- Activity
Line by line, set down the records below from the first line through the line containing "Proposed bike path". Omit the pictures.

- Collected data entries
+++

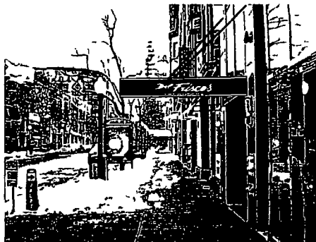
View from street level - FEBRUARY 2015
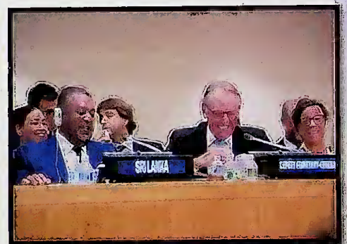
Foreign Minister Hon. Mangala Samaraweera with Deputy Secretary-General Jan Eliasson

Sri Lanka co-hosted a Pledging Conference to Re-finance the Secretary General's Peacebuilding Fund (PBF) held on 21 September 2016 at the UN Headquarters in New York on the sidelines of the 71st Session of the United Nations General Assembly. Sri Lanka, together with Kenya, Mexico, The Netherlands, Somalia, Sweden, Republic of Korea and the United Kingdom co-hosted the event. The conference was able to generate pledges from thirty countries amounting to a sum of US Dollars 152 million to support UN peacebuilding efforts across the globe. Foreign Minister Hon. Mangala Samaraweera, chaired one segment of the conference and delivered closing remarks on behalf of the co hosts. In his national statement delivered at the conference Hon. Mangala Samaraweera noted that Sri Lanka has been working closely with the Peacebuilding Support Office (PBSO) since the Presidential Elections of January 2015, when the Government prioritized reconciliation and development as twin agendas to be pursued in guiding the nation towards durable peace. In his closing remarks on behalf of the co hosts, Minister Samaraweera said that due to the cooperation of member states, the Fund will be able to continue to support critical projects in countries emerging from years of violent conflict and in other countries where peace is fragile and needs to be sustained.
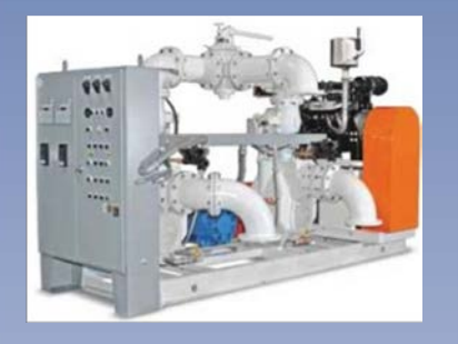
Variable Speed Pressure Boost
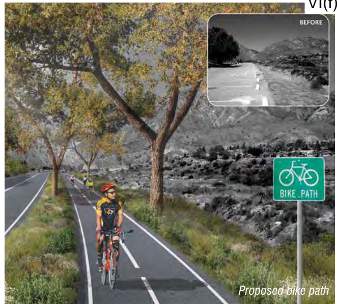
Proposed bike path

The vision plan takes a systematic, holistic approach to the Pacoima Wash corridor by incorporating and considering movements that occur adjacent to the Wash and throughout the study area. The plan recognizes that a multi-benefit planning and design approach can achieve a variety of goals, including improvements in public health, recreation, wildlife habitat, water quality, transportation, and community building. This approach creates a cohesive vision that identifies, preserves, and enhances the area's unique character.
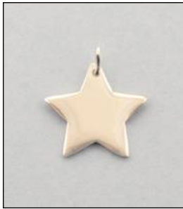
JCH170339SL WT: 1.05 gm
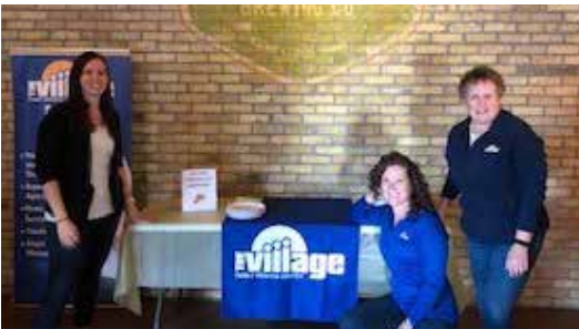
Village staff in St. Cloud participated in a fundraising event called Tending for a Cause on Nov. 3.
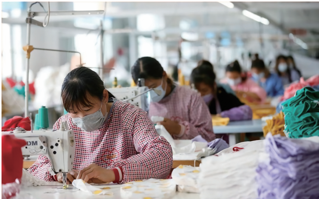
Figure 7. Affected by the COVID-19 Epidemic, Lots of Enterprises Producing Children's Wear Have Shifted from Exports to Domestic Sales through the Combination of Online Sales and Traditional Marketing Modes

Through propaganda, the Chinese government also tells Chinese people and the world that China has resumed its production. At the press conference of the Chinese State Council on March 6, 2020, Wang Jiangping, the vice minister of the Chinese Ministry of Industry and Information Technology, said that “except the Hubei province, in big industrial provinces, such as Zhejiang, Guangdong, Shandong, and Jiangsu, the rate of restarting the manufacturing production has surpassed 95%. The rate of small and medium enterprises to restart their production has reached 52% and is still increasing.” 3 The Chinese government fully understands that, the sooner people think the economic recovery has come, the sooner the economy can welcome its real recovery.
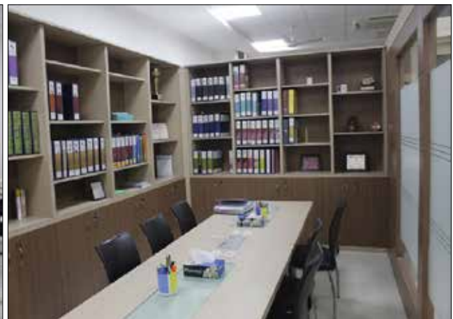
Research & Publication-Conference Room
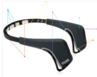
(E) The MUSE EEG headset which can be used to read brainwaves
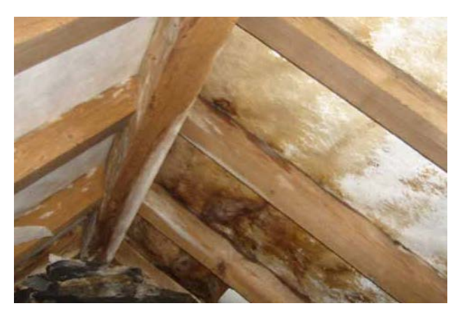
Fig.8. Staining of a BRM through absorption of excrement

+++

- Result for this exercise
View from street level - FEBRUARY 2015
Foreign Minister Hon. Mangala Samaraweera with Deputy Secretary-General Jan Eliasson

Sri Lanka co-hosted a Pledging Conference to Re-finance the Secretary General's Peacebuilding Fund (PBF) held on 21 September 2016 at the UN Headquarters in New York on the sidelines of the 71st Session of the United Nations General Assembly. Sri Lanka, together with Kenya, Mexico, The Netherlands, Somalia, Sweden, Republic of Korea and the United Kingdom co-hosted the event. The conference was able to generate pledges from thirty countries amounting to a sum of US Dollars 152 million to support UN peacebuilding efforts across the globe. Foreign Minister Hon. Mangala Samaraweera, chaired one segment of the conference and delivered closing remarks on behalf of the co hosts. In his national statement delivered at the conference Hon. Mangala Samaraweera noted that Sri Lanka has been working closely with the Peacebuilding Support Office (PBSO) since the Presidential Elections of January 2015, when the Government prioritized reconciliation and development as twin agendas to be pursued in guiding the nation towards durable peace. In his closing remarks on behalf of the co hosts, Minister Samaraweera said that due to the cooperation of member states, the Fund will be able to continue to support critical projects in countries emerging from years of violent conflict and in other countries where peace is fragile and needs to be sustained.
Variable Speed Pressure Boost
Proposed bike path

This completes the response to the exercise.